● **WORK INSTRUCTION**
If a line of the data contains the word "also", it is counted; report how many such lines there are and nothing else.

[[ SOURCE RECORDS open ]]

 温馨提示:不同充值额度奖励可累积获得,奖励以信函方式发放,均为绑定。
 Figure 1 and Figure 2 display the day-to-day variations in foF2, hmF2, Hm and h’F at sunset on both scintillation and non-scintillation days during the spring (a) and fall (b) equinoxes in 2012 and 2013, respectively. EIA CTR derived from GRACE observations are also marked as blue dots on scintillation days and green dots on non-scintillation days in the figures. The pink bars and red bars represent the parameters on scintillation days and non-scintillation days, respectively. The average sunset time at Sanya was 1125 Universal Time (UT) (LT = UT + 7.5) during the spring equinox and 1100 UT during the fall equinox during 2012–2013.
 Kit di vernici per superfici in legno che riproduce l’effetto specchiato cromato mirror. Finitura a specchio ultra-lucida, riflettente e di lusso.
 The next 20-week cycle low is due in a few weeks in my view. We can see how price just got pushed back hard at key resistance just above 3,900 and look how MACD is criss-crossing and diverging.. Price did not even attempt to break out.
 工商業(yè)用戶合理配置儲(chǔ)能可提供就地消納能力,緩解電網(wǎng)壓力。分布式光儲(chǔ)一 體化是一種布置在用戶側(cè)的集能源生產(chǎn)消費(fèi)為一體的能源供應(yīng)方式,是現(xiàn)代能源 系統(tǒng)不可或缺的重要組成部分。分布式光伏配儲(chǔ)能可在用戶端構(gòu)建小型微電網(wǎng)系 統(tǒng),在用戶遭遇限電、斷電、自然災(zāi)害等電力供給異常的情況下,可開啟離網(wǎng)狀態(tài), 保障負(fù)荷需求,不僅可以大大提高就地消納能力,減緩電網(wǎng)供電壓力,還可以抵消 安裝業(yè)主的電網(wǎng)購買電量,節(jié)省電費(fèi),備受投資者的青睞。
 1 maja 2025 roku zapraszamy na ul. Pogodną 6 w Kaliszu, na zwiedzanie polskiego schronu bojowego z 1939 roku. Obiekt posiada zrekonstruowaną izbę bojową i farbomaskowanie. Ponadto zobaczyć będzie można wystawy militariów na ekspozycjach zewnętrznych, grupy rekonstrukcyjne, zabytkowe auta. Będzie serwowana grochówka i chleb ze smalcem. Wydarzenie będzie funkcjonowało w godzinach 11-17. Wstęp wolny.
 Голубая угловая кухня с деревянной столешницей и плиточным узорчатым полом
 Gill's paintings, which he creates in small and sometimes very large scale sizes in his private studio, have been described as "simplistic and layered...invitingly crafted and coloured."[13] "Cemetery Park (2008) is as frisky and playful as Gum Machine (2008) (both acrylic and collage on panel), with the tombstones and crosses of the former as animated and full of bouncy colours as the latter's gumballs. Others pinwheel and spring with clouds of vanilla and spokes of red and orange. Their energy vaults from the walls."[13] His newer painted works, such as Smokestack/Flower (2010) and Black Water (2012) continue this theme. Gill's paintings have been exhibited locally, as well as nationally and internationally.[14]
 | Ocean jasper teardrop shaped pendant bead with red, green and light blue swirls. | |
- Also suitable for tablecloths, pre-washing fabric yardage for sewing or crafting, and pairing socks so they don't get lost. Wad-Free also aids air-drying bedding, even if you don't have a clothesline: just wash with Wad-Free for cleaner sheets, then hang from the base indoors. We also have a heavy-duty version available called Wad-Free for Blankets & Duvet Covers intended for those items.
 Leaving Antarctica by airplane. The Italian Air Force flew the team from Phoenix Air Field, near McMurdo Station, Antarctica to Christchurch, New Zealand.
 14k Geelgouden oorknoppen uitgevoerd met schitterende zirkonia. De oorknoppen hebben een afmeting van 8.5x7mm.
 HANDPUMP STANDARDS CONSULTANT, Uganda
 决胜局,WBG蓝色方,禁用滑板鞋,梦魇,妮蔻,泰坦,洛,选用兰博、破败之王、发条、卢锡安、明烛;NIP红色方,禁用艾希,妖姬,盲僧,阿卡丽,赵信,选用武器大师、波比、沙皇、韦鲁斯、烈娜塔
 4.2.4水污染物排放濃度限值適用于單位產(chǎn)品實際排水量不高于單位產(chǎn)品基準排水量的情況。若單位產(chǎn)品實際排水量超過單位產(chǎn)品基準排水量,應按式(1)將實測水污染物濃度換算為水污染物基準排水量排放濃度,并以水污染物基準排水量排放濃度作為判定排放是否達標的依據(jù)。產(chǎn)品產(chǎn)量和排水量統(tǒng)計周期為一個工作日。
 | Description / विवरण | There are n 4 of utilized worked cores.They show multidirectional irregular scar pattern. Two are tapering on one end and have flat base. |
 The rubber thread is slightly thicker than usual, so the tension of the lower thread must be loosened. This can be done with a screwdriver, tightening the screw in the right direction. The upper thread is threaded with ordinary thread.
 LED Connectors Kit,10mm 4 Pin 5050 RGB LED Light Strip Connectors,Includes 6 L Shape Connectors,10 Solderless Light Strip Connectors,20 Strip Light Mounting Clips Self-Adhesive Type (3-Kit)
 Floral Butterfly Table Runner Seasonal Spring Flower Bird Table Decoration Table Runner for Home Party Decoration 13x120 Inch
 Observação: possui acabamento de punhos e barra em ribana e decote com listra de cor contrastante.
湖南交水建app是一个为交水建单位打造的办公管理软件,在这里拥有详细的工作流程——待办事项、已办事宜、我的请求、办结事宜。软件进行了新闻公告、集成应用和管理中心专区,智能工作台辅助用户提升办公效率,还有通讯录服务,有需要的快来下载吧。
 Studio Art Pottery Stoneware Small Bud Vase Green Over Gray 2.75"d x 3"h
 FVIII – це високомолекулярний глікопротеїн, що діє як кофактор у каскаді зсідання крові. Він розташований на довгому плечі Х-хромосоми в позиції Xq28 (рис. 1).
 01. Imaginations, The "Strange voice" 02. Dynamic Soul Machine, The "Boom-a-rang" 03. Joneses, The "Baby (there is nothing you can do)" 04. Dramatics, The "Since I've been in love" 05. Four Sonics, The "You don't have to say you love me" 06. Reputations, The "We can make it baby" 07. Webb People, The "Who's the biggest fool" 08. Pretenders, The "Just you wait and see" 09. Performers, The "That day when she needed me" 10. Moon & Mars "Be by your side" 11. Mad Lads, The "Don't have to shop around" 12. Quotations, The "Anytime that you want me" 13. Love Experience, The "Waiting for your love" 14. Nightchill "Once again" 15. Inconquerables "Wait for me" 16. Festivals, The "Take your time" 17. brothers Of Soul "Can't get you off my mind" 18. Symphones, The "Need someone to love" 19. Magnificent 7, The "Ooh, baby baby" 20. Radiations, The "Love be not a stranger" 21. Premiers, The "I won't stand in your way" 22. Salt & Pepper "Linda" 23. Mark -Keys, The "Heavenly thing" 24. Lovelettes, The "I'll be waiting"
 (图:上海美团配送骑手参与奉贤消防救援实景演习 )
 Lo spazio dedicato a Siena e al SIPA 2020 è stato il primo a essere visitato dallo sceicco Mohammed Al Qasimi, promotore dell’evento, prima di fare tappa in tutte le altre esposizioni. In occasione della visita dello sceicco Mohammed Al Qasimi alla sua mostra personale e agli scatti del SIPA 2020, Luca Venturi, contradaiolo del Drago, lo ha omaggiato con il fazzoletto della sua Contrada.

[[ SOURCE RECORDS closed ]]

● **ANSWER FOR THE TASK**
2